HAR is pleased to announce the latest release from BEROSE International Encyclopaedia of the Histories of Anthropology: an in-depth analysis of Gregory Bateson’s theoretical body of work by Peter Harries-Jones.

Harries-Jones, Peter, 2021. “‘From Anthropology to Epistemology’: Extensions to an Autobiography of Gregory Bateson,” in BEROSE International Encyclopaedia of the Histories of Anthropology, Paris.

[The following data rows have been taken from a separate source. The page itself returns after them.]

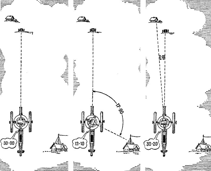 Теперь вы направляете головку панорамы сначала, положим, на мачту антенны справа сзади, а потом на правый край дома, что левее цели (рис. 222). Когда перекрестие панорамы совпадет с мачтой антенны, показание колец будет, скажем, 12-10, а когда перекрестие совпадет с краем дома, показание колец будет 30-20.
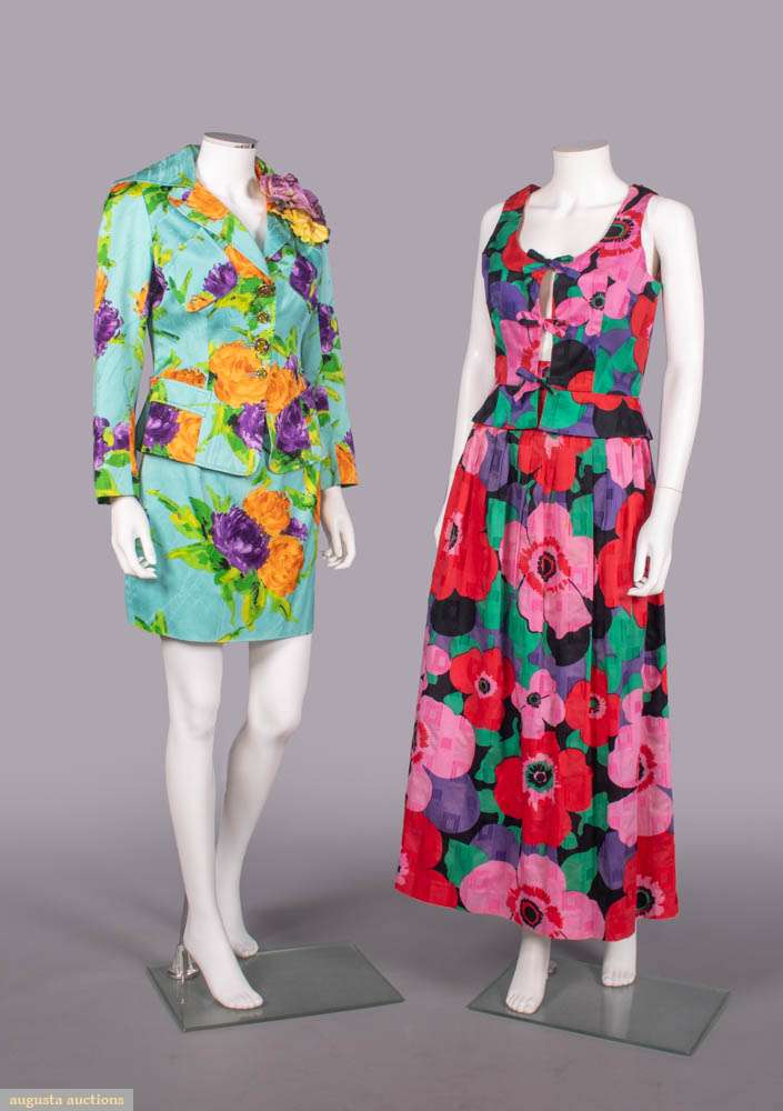 CHRISTIAN LACROIX & LOUIS FERAUD PRINTED FLORAL ENSEMBLES, 1970-1990
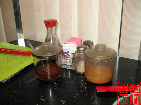 逛了一圈回来,菜还没上来。实在是无聊,就给调料来了个特写。
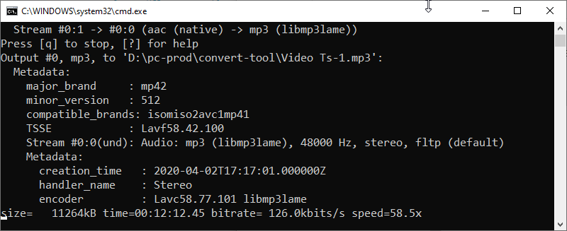 a command prompt will open and show the convert process:
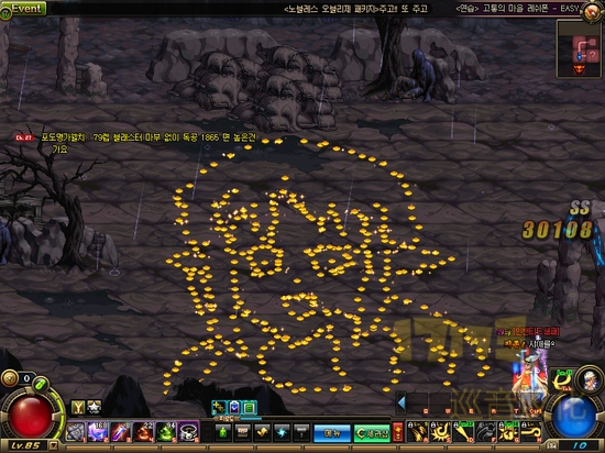 一个韩服玩家午夜蛋疼之作,从0:33分开始到2:53分花了2小时20分钟,用531枚金币摆出了一个LOLI头像,不得不佩服其毅力...而且这个玩家还一步步截图演示教会大家如何用金币摆出一个好看的LOLI头像,那我们来见证一下笔者的毅力吧!首先试着摆出弧线,适应下金币掉落的间距
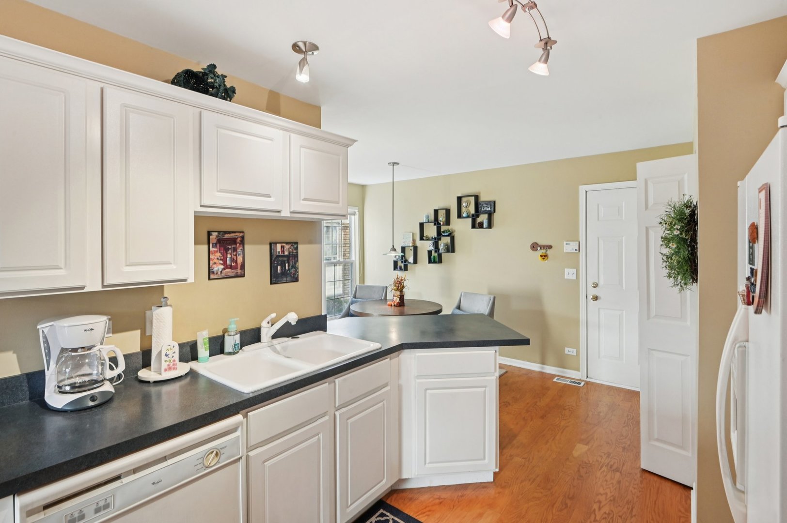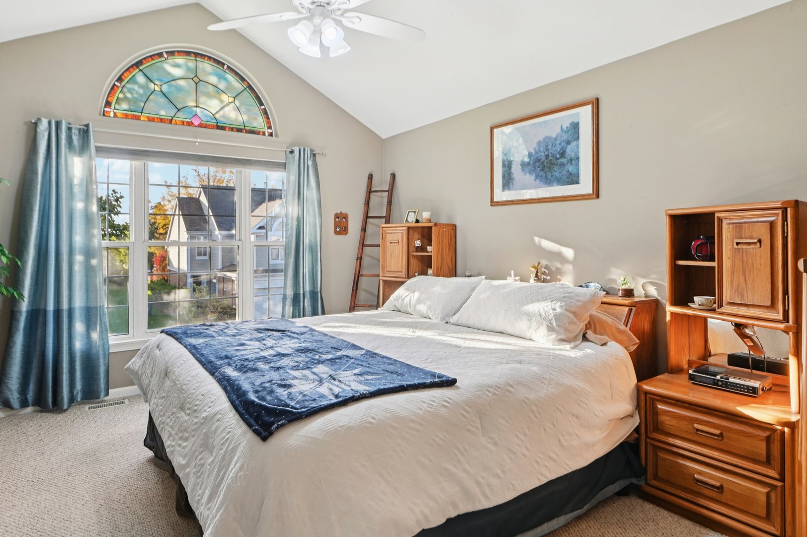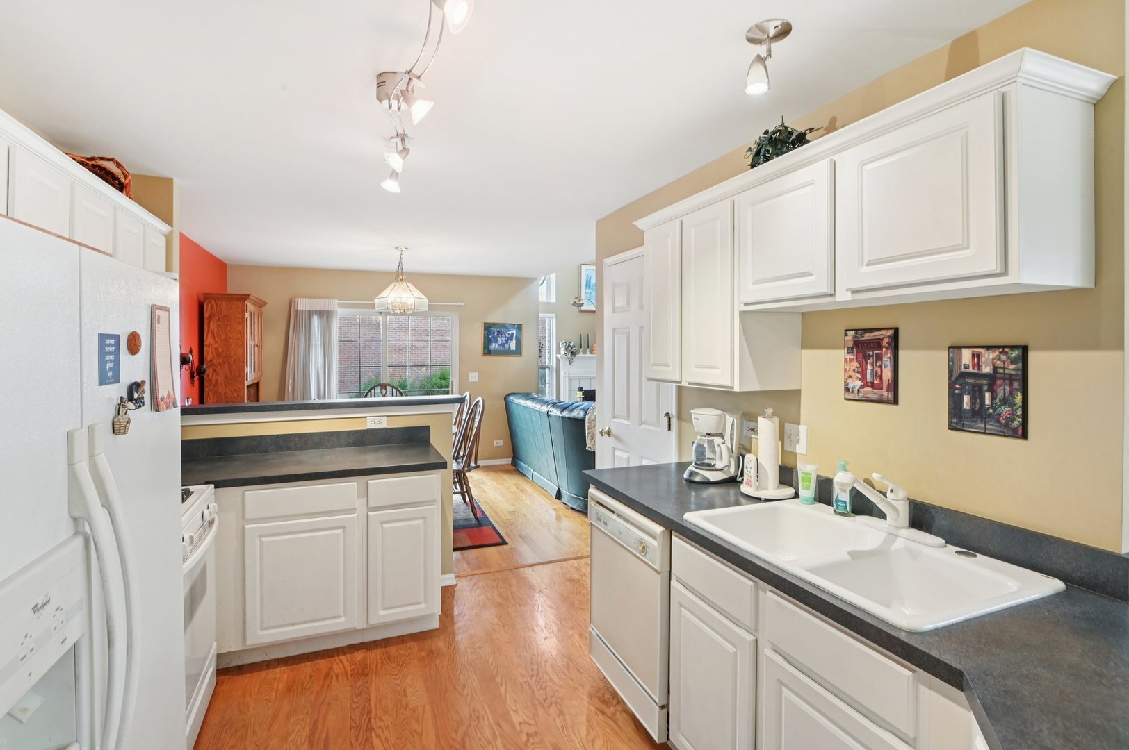 Beautiful 2-bedroom, 2.5-bath townhouse in the highly sought-after and private Citadel on the Lake community. This exceptional home blends comfort, style, and convenience in a thoughtfully designed layout. An inviting entryway opens to a dramatic living room with floor-to-ceiling windows, skylights, hardwood floors, and a cozy gas fireplace. The open-concept design flows seamlessly into the dining area and out to a spacious patio-perfect for entertaining or relaxing outdoors. The bright kitchen offers plenty of cabinet space, updated finishes, and a sun-filled breakfast nook. Upstairs, the primary suite features vaulted ceilings, a large walk-in closet, and an ensuite bath with dual vanities, a soaking tub, and a separate shower. A second bedroom, full bath, and a versatile loft-ideal for a home office or sitting area-complete the upper level. The fully finished basement adds valuable living space with built-ins and abundant storage. Conveniently located near top-rated schools, Ty Warner Park, Westmont Fitness Center, FMC Natatorium pool, shopping, and with easy access to major highways, this move-in-ready home offers the perfect blend of privacy, comfort, and modern living.
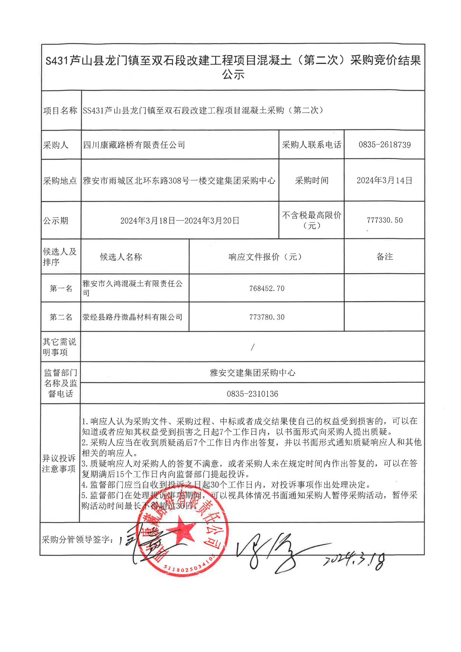 四川康藏路橋有限責任公司S431蘆山縣龍門鎮(zhèn)至雙石段改建工程項目混凝土(第二次)采購競價結果公示
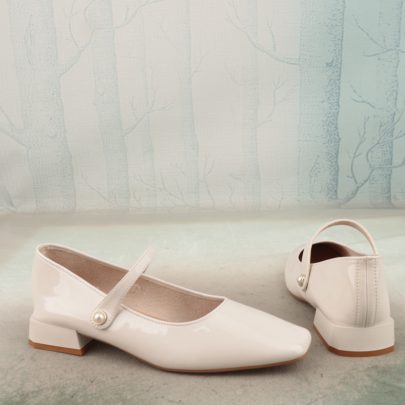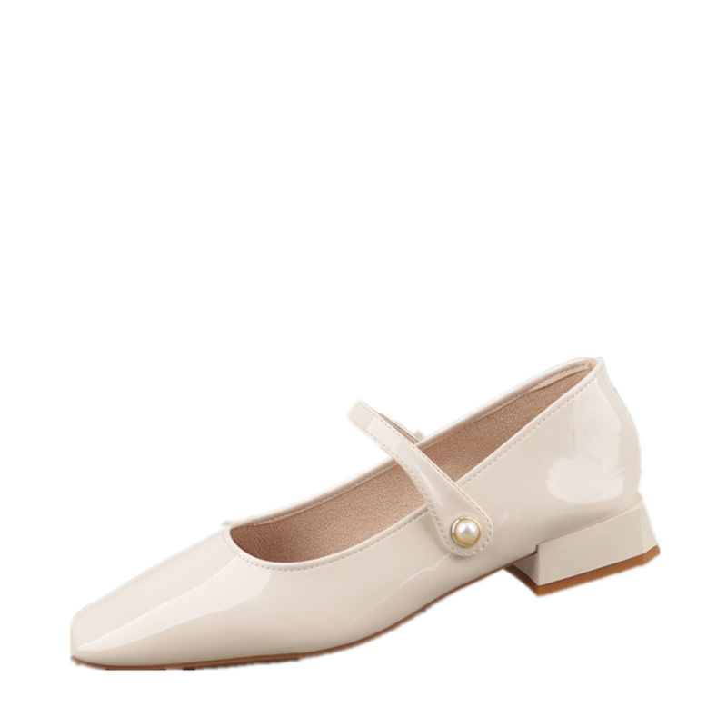 方头低跟漆皮软底舒适玛丽珍鞋
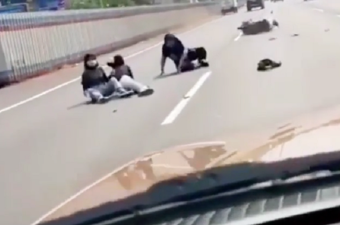 GridMotor.id - Viral pemotor ambyar jatuh di Jalan Tol Jakarta-Cikampek, ditilang dengan pasal berlapis bro.
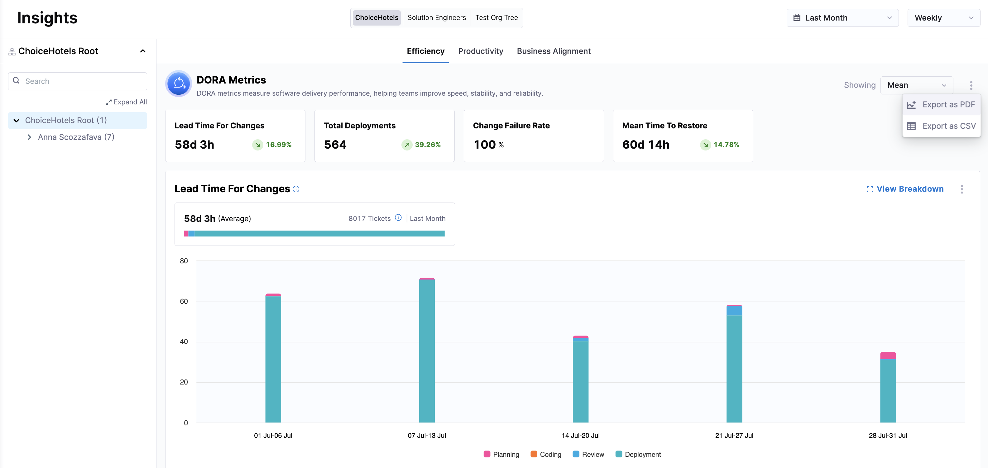 Export data for entire insight categories, such as Efficiency, Productivity, and Business Alignment. This includes all widget metrics like Lead Time for Changes, Deployment Frequency, Change Failure Rate, and Mean Time to Restore.
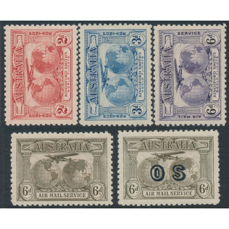 1931 2d to 6d Kingsford Smith Airmail set of 5 (includes both 6d shades and the 6d brown overprinted OS), mint hinged – no thins, tears or bends.
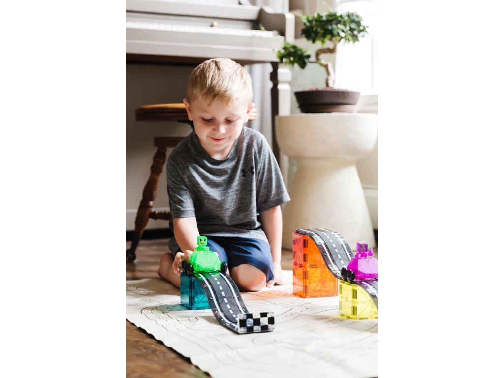 je ideálna pre malých pretekárov. Deti môžu stavať rampy a pretekať s dvomi magnetickými autíčkami a jazdcami. Súprava je kompatibilná so všetkými ostatnými Magna-Tiles stavebnicami, podporuje rozvoj motorických zručností, koordinácie ruka-oko a kreativity. Vyrobená z bezpečného, netoxického plastu bez BPA a ftalátov. Sada obsahuje 40 dielov vrátane ramp, autíčok a figúrok.
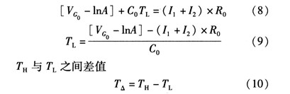 如果忽略由溫度變化引起lnT項變化對式(2)的影響,dVBE/dT可近似等于常數C0。常溫下C0約為-2 mV/K。為了簡化計算,則PN結關于溫度的變化方程可近似線性為![]()
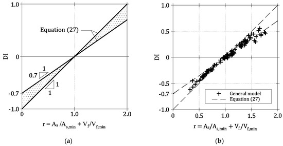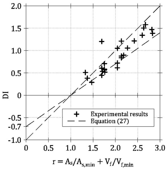 As in the case of LRC and FRC beams, within each group of beams (e.g., those of Group 9 in Figure 7), a linear relationship between DI and r is attained (see Figure 7b) and the intersection between the line DI-r and the horizontal axis (i.e., DI = 0) occurs when r ≅ 1, corresponding to the minimum hybrid reinforcement. Thus, the following symbolic equation can be written
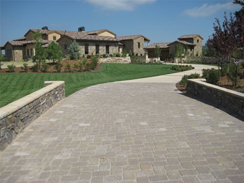 Answer: The 250' driveway is a combination of a special concrete finish with tumbled brick pavers used for bands. The same materials continue into the motor court. The low walls at the driveway opening and the apron detail are part of the community HOA design.
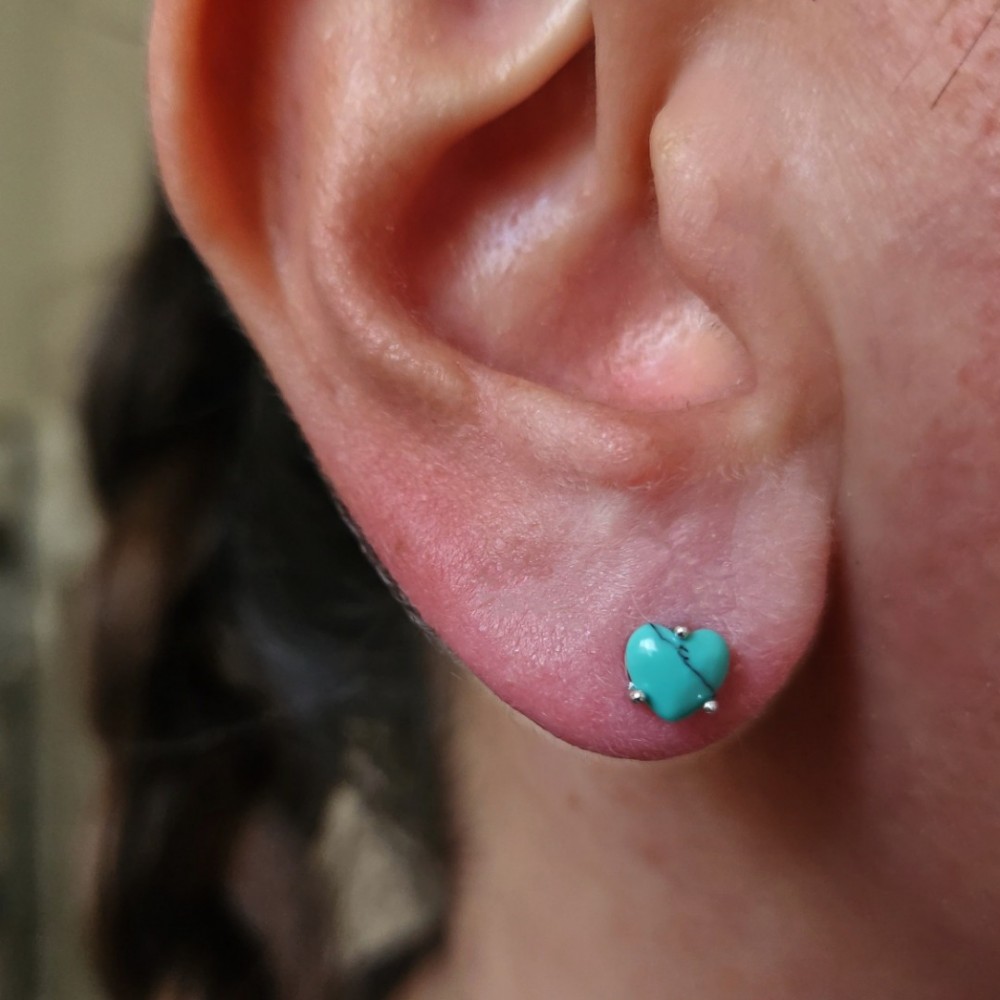 FİRUZE TURKUAZ TAŞLI KALP KÜPE 925 GÜMÜŞ KÜPE
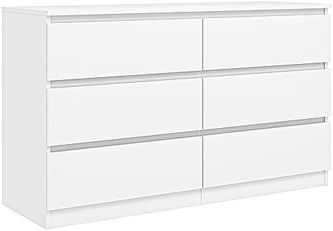 View full detailsVibe & Dine White Dresser 6 Drawer, Modern Double Dresser for Bedroom, Wood Chest of Drawers with Wide Storage for Living Room
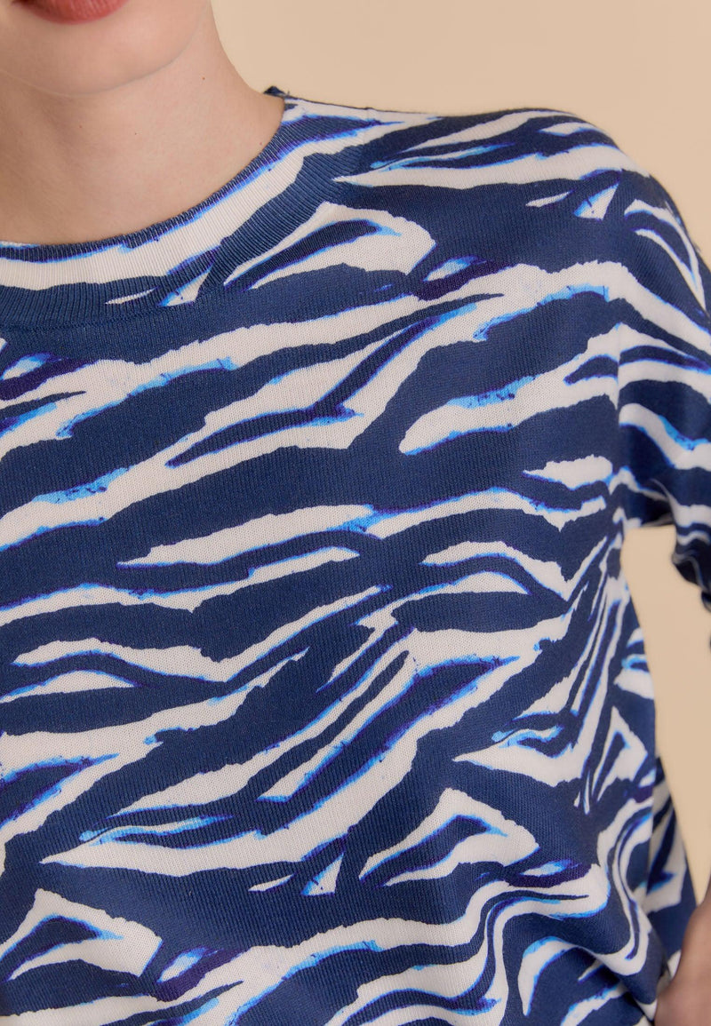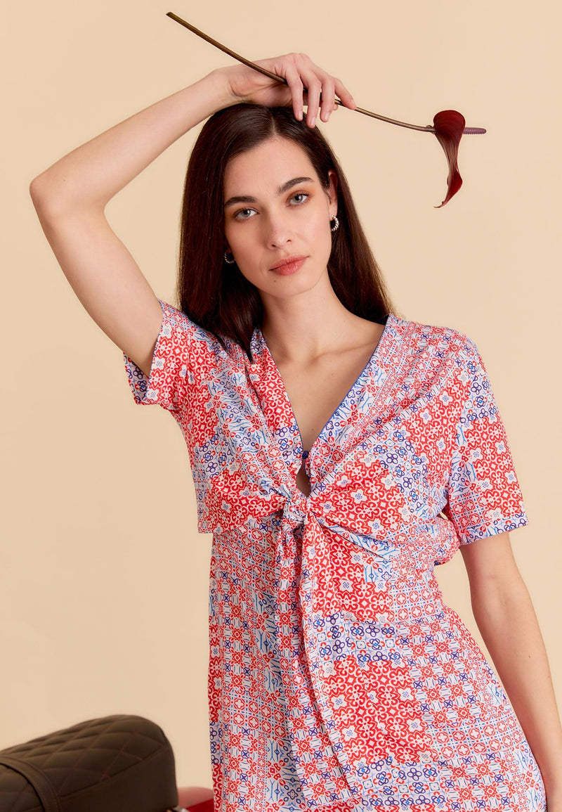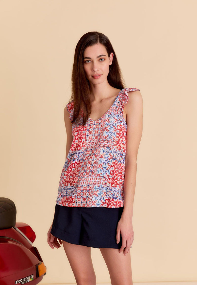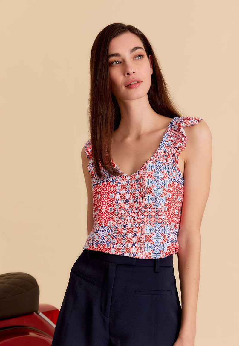 Top femme bleu rouge et blanc à motifs géométriques col en V
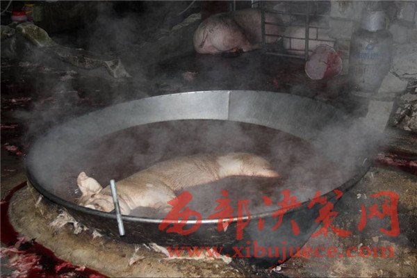執(zhí)法人員稱,這口大鍋是用來給生豬褪毛的,隨后就在這露天的骯臟環(huán)境下進(jìn)行屠宰和分割、裝填貨車,這種情況屠宰出來的豬肉其質(zhì)量可想而知。
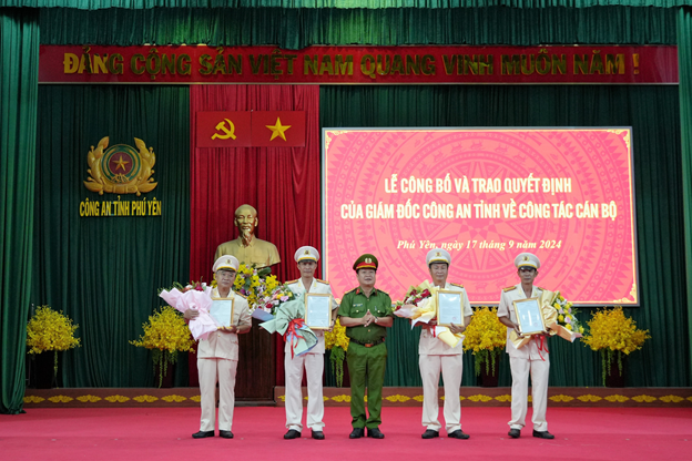 Lãnh đạo Công an tỉnh Phú Yên trao các quyết định về công tác cán bộ vào sáng 17.9

Born in Great Britain and trained at Cambridge (in particular by A. C. Haddon), Gregory Bateson (1904–1980) was an anthropologist who crossed disciplinary boundaries and profoundly altered the epistemology of the human sciences. Peter Harries-Jones gives an in-depth analysis of his theoretical body of work. His first fieldwork took place between 1927 and 1930 in New Guinea among the Baining, the Sulka, and then the Iatmul. His analysis of one of their rituals inspired him to coin the concept of schismogenesis, which he used in his famous book Naven: A Survey of the Problems Suggested by a Composite Picture of the Culture of a New Guinea Tribe Drawn from Three Points of View (1936). He spent two years in Bali (1936-1938) with Margaret Mead, whom he married in 1936, focusing on the education of children. They made a documentary film, Dance and Trance in Bali (1942), which marked a milestone in the history of ethnographic films. During WWII, he worked for the OSS in Southeast Asia. As one of the first participants in the Macy Lectures in the 1940s, along with Margaret Mead, he understood the importance of cybernetic theory and the centrality of information in cultural and biological processes. When working as an ethnologist at the Veterans Administration Hospital in Palo Alto, he founded the Palo Alto School, which developed an innovative approach to schizophrenia by forging the double-bind theory in 1956, making him one of the pioneers of family therapy. He developed an ambitious anthropology of communication linked to a theory of learning and social interactions and to a systems theory that embraced his holistic vision of the relationship between culture, evolution, and the environment. In his book Steps to an Ecology of Mind (1972), he expressed his deep and aesthetic commitment to an ecological anthropology that rejects the dualism of nature/culture and body/spirit. He is one of the founders of biosemiotics.

After reading this piece, the reader grasps how much Bateson’s anthropology is still deeply relevant to our changing world, a world challenged by environmental upheavals and new scientific discoveries in cultural, biological and cognitive processes.